Smoking my last cigarette outside London Kings X, gazing out on the sunlit square, I suddenly felt my cares lift off my shoulders. I checked myself – wasn’t it just the absence of the rucksack that was making me buoyant? But no. Standing there in yesterday’s clothes and yesterday’s sweat, I felt unaccountably comfortable in the direct sunlight. Almost a week spent in the Swedish countryside moving beer kegs, speakers, furniture and all manner of heavy objects, erecting over half a dozen tents in the morning glare and swimming each day to that little birdshit-strewn island in the lake had left me immune to the feeble city sol. Nights lying on terra-pretty-fucking-firma wrapped up in a collection of old coats had accustomed me to all discomfort and, brushing the stubble new-grown on my tanned and perhaps slightly reddened face, I took another drag and blew the smoke through my nostrils.
Sandvikfest is an incredibly small music festival in Sweden organised by a friend of mine from university. Instead of muttering pipe-dreams and letting them go up in smoke she has created a pipe-reality, a three-day space in my calendar each year where I meet old friends, new friends, and Sandvikfriends. Others will write about the music, the setting, the personalities and yarns that have made up this festival over the past three years, but this is a selfish article where I’m only going to write about me. I dare say very few of you are surprised.
The Eurostar platform fittings look suitably like submarines.
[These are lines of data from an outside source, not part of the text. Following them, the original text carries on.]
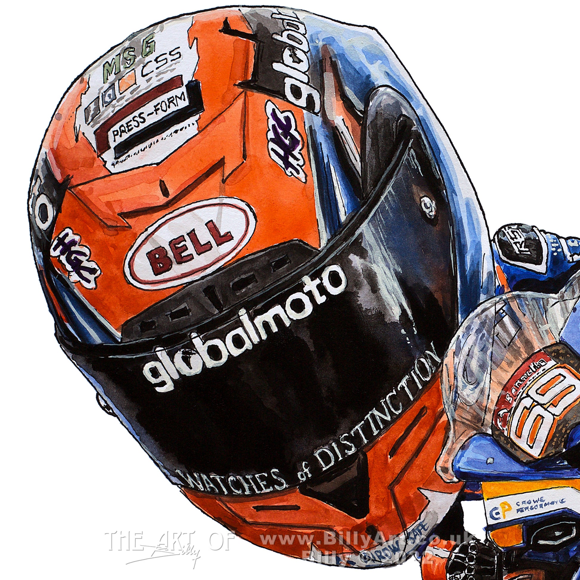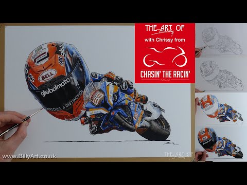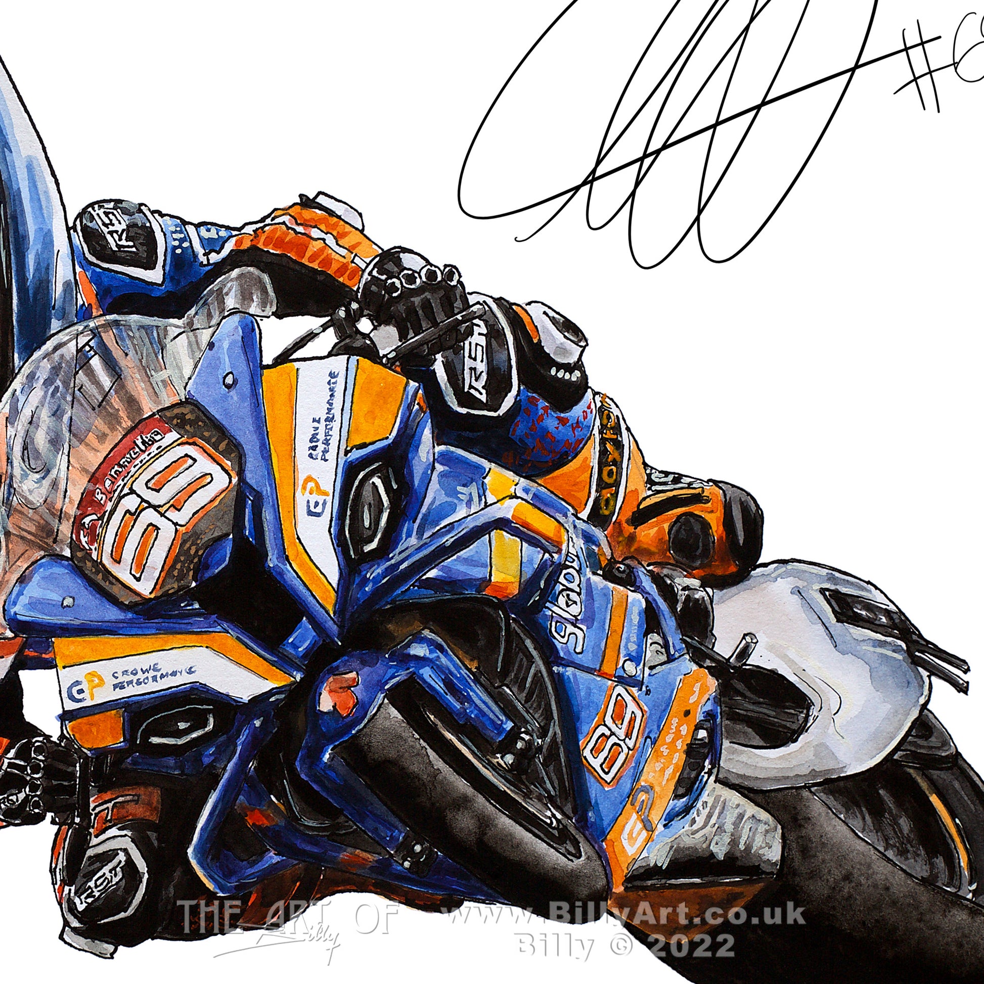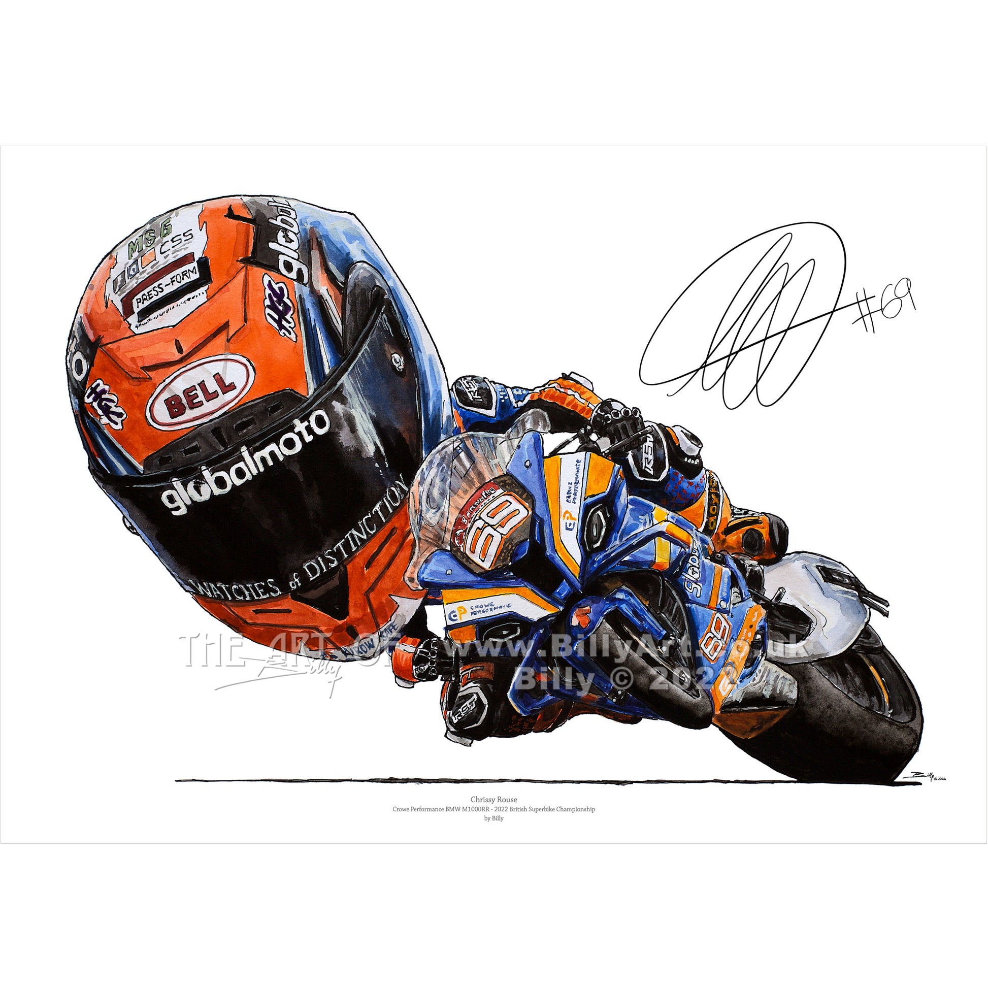 This cartoon art by Billy of Chrissy Rouse, from the Chasin' the Racin' Podcast with Dom Herbertson (now being continued into 2023 with rolling co-hosts Christian Iddon, Joe Akroyd and Josh Corner), Riding the Crowe Performance BMW M1000RR in the 2022 British Superbike Championship is avaivaialbe in A4, A3 or A2 with free UK PandP.
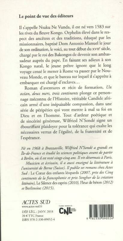 Il s'appelle Nsaku Ne Vunda, il est né vers 1583 sur les rives du fleuve Kongo. Orphelin élevé dans le respect des ancêtres et des traditions, éduqué par les missionnaires, baptisé Dom Antonio Manuel le jour de son ordination, le voici, au tout début du XVIIe siècle, chargé par le roi des Bakongos de devenir son ambassadeur auprès du pape. En faisant ses adieux à son Kongo natal, le jeune prêtre ignore que le long voyage censé le mener à Rome va passer par le Nouveau Monde, et que le bateau sur lequel il s'apprête à embarquer est chargé d'esclaves... Roman d'aventures et récit de formation, Un océan, deux mers, trois continents plonge ce personnage méconnu de l'Histoire, véritable Candide africain armé d'une inépuisable compassion, dans une série de péripéties qui vont mettre à mal sa foi en Dieu et en l'homme. Tout d'ardeur poétique et de sincérité généreuse, Wilfried N'Sondé signe un ébouriffant plaidoyer pour la tolérance qui exalte les nécessaires vertus de l'égalité, de la fraternité et de l'espérance.
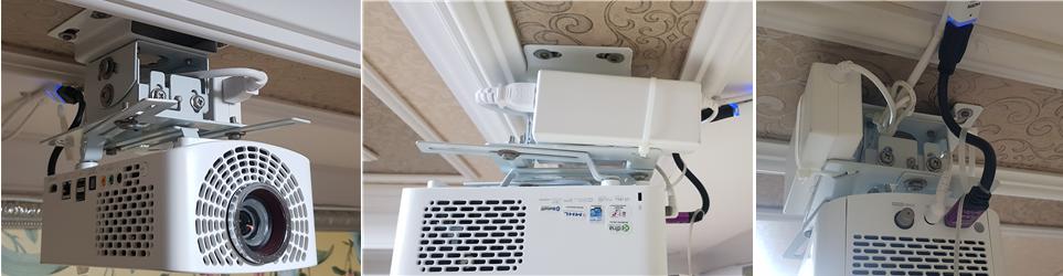 3. 전원선 및 HDMI 케이블 연결 : 천장에 고정시키고 나면 전원선, HDMI 케이블을 연결합니다.
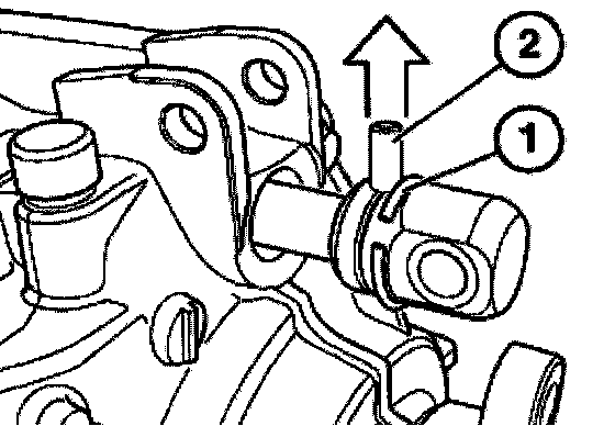 Slide back snap ring (1) and drive out dowel pin (2).

My time in Paris was something I did because I said I would. I’ve enjoyed some of it and at other times I’ve been unhappy, and this, so far as I can make out, is just life. I seem to go in two year cycles these days, starting afresh with the best of intentions before entropy drags me back to bed. Eventually I have to up and leave for an uncertain future. And although I have used my entire overdraft and am in a somewhat dubious financial situation for making the move to London, although I haven’t written half of what I wanted to, although I’ve still not submitted my short stories to journals despite talking about it all the bloody time, despite my fears for future jobs and ingrained hatred of cities, I feel I might just shake out another reef and daddle them again. Bonus points to everyone who gets the reference.
I’ve been terrified of Sandvikfest. Terrified of flying there and back – although I am just generally terrified of flying. Terrified of meeting old friends and invariably comparing myself to them and dwelling on a shared past. Terrified of what those few days represented in my calendar: the end of my holiday and beginning of the job-hunt.
Standing in front of London Kings X, I saw someone with a massive suitcase coast by balanced on a skateboard. I saw bin men chatting to the police. I saw people in suits. I even saw fellow backpack wearers, though none looked so grubby and disreputable as me. All at once I realised that I felt strong and capable. Not the usual despairing indestructibility I flatter my overly-dramatic ego with, but a natural power and ability. I knew there was no point in comparing myself with others, and that I could just about think of the past as the comforting ache in my shoulders from all the swimming and sunburn. I knew I had agency in my own future, secret agency, rolling bunched muscles of potential with which I could effect my world. If Johanna can make a festival out of nothing, if my friends can forge brilliant and interesting lives, then I’m in good company and maybe I can do something with mine.
So I put out my last cigarette. I can’t afford to keep smoking and drinking, however much I enjoy it. I went and played the piano in St Pancras International. And now, sitting up the stairs with a coffee, I’m looking at the Eurostar submarines, the multi-coloured tetras hanging inexplicably above them, the ostentatious gold clock, the light shining through the clear zig-zagged windows on pale industrial girders, and out the far end of the hanger lie the white clouds in the blue sky, and if there is one thing I can be glad of after all I’ve done so far, one thing that those powdery insubstantial ephemeral clouds remind me, it is this: at least I’m not on a fucking plane.